_Task_
Restate word for word the lines below that run from the one holding "(케이엠뉴스) 구리시가 시민" through the one holding "Durante esta temporada", inclusive. Pictures don't belong in the copy.

_Excerpted records_
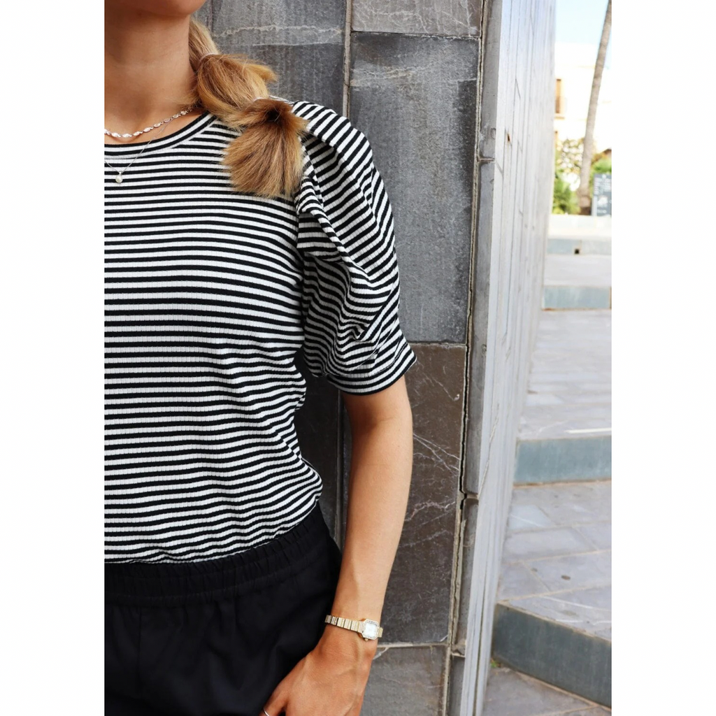 WIN PUFF T-SHIRT BLACK CREME SMALL STRIPE
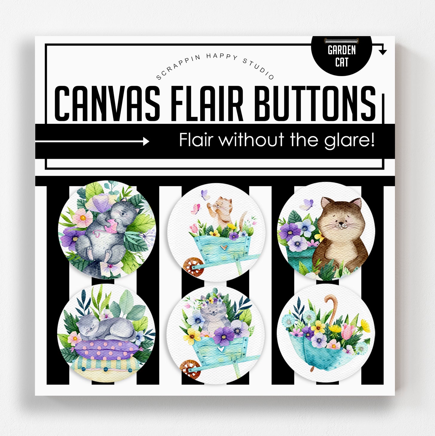 Set of (6) 1.25" canvas flair, comes attached to a backing card.
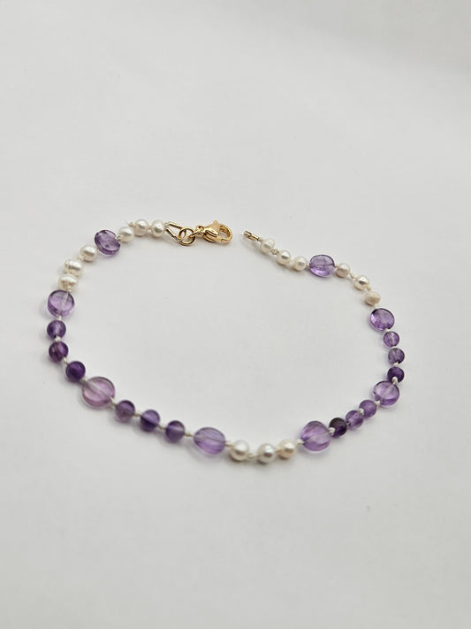 Genuine Amethyst & Freshwater Pearl 14k GF Bracelet
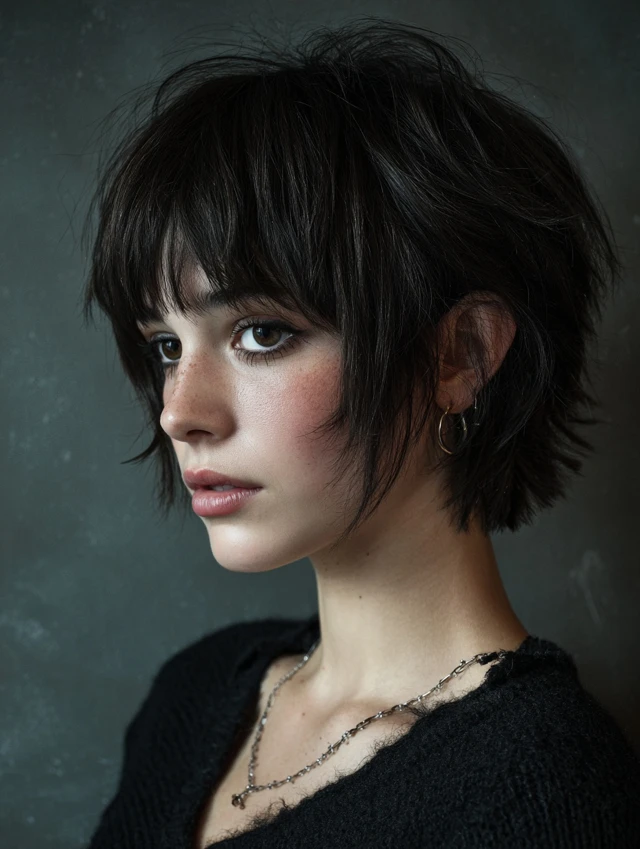 Short pixie in the front, slightly longer back layers, textured edges.
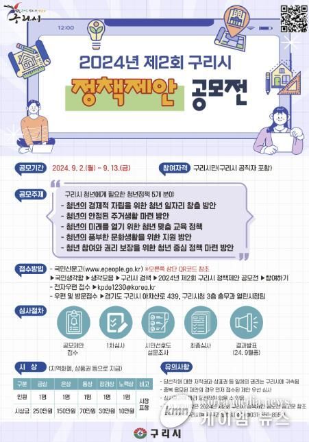 (케이엠뉴스) 구리시가 시민 주도의 창의적인 정책 아이디어를 발굴하고자 9월 2일부터 13일까지‘2024년 제2회 구리시 정책 제안 공모전’을 개최한다.
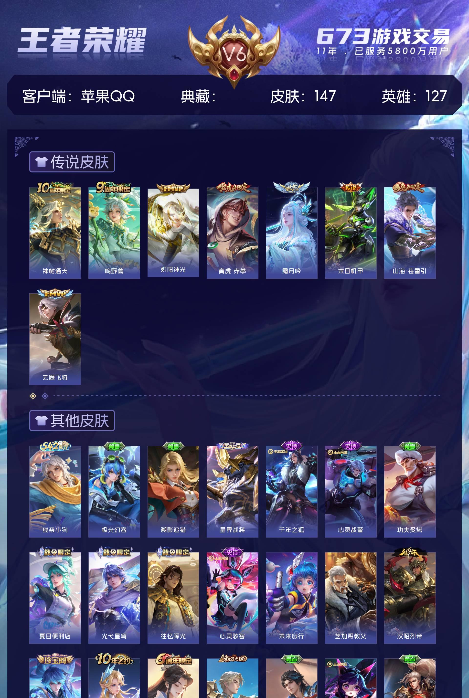 V6 皮肤147 英雄127 至尊星耀 星传说1 传说9 其他皮肤144
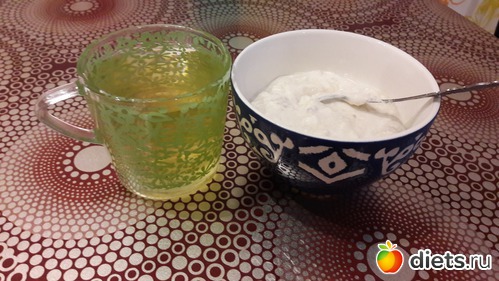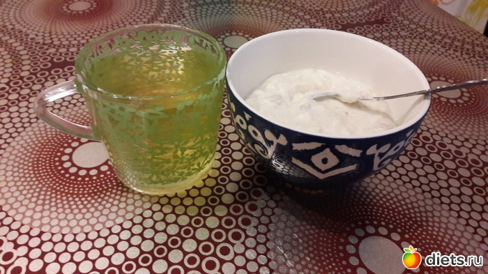 Перекус - творог с кефиром + немного банана (половину съела дочка, поэтому мне досталось около 100г) + отруби + зеленый чай
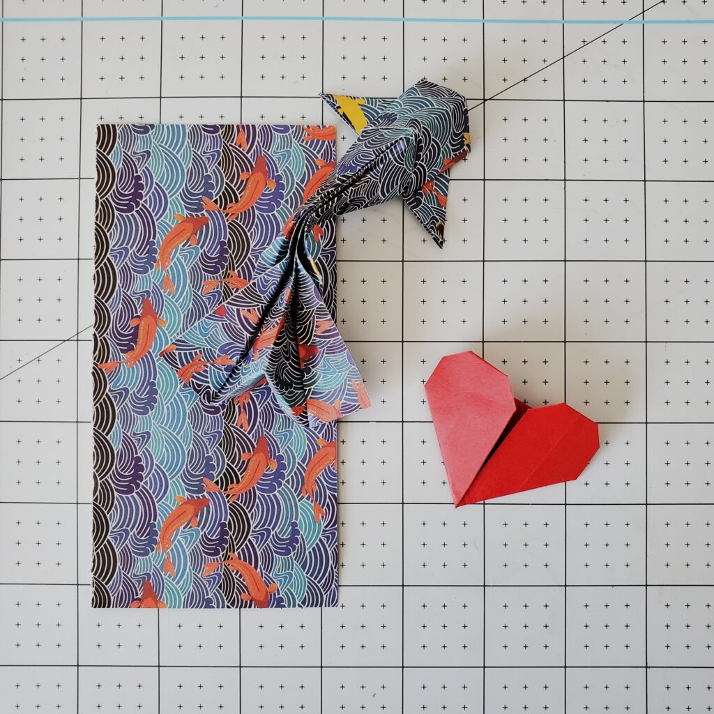 The first step is to create your origami koi fish and heart. Follow these simple and calming tutorials to get started: here and here!
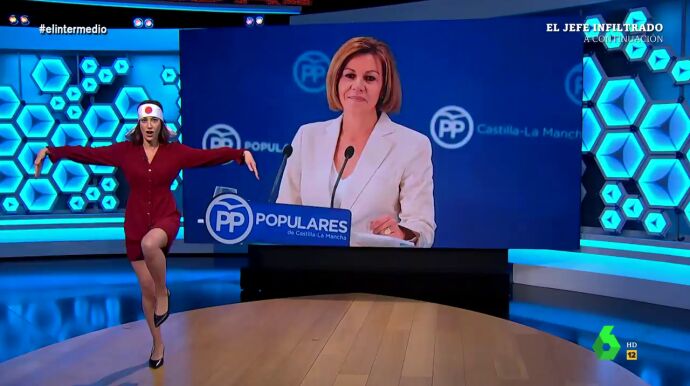 Durante esta temporada de El Intermedio, Cristina Gallego analizó a muchos políticos como es el caso de María Dolores de Cospedal, quien "ha defendido al PP con su vida si es necesario". Por eso, la colaboradora la califica de "la kamikaze del PP" porque es "una soldado que ha defendido a su partido en todas las batallas cueste lo que cueste hasta que se sentado en el banquillo".
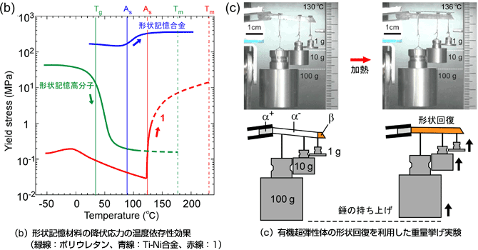 テトラ-n-ブチルホスホニウムテトラフェニルボレートの分子性イオン結晶(1)を合成し、合金様の形状記憶効果の発現を実験的に確認しました。約123℃に相転移温度(As)を持つ本有機結晶は、高温相で有機超弾性体に転移します。転移温度以下の温度領域で機械的負荷によって永久歪を持つ双晶変態を生じさせ、加熱により相転移温度を越えると超弾性により形状回復します(図2(a))。また、形状回復力である逆変態応力は加熱により増加します(図2(b)の1:赤線)。これは、温度によって弾性が増大する有機弾性材料を可能とする熱特性です。塑性変態および擬弾性変態に必要な降伏応力を形状記憶合金(図2(b):青線)と形状記憶高分子(図2(b):緑線)と比較すると、本有機結晶は形状記憶高分子より軟らかく変形し、加熱によって大きな形状回復力を発現するのがわかります。転移温度近傍で形状回復力は鋭く立ち上がるため、変形に要する仕事に対して100倍以上の仕事を狭い温度上昇幅で出力できます。(図2(b)の1:赤線)これは熱サイクル機械の動力として望ましい特性です。転移温度からわずか10℃の加熱で発揮される1MPaの形状回復力は、断面積1cm2(成人の指ぐらいの太さ)の結晶が10kgの錘を重力に逆らって持ち上げる力に相当します。そこで、0.18cm2の断面積を持つ長さ3.8cmの結晶を用いて重量挙げのデモンストレーションを行い、結晶の自重(0.6g)に対して約170倍の質量である100gの分銅を持ち上げるのを確認しました(図2(c))。
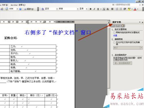 3、打開之后,在右側多出了一個“保護文檔”的窗口。
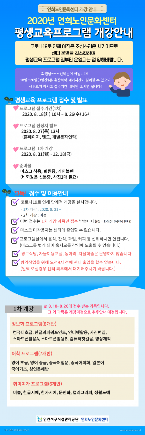 제목 | 2020년 평생교육프로그램 개강안내 및 시간표 페이지 정보 작성자 |관리자 작성일 |20-08-11 16:32 조회 |912회 이전글 다음글 목록 본문 --- 이전글 다음글 목록 이전글[394번 공지글 관련]2020 평생교육 프로그램 수강 신청 잠정 연기 안내 다음글[코로나19포스토]-마스크착용!

_Answer for the task_
 (케이엠뉴스) 구리시가 시민 주도의 창의적인 정책 아이디어를 발굴하고자 9월 2일부터 13일까지‘2024년 제2회 구리시 정책 제안 공모전’을 개최한다.
 V6 皮肤147 英雄127 至尊星耀 星传说1 传说9 其他皮肤144
 Перекус - творог с кефиром + немного банана (половину съела дочка, поэтому мне досталось около 100г) + отруби + зеленый чай
 The first step is to create your origami koi fish and heart. Follow these simple and calming tutorials to get started: here and here!
 Durante esta temporada de El Intermedio, Cristina Gallego analizó a muchos políticos como es el caso de María Dolores de Cospedal, quien "ha defendido al PP con su vida si es necesario". Por eso, la colaboradora la califica de "la kamikaze del PP" porque es "una soldado que ha defendido a su partido en todas las batallas cueste lo que cueste hasta que se sentado en el banquillo".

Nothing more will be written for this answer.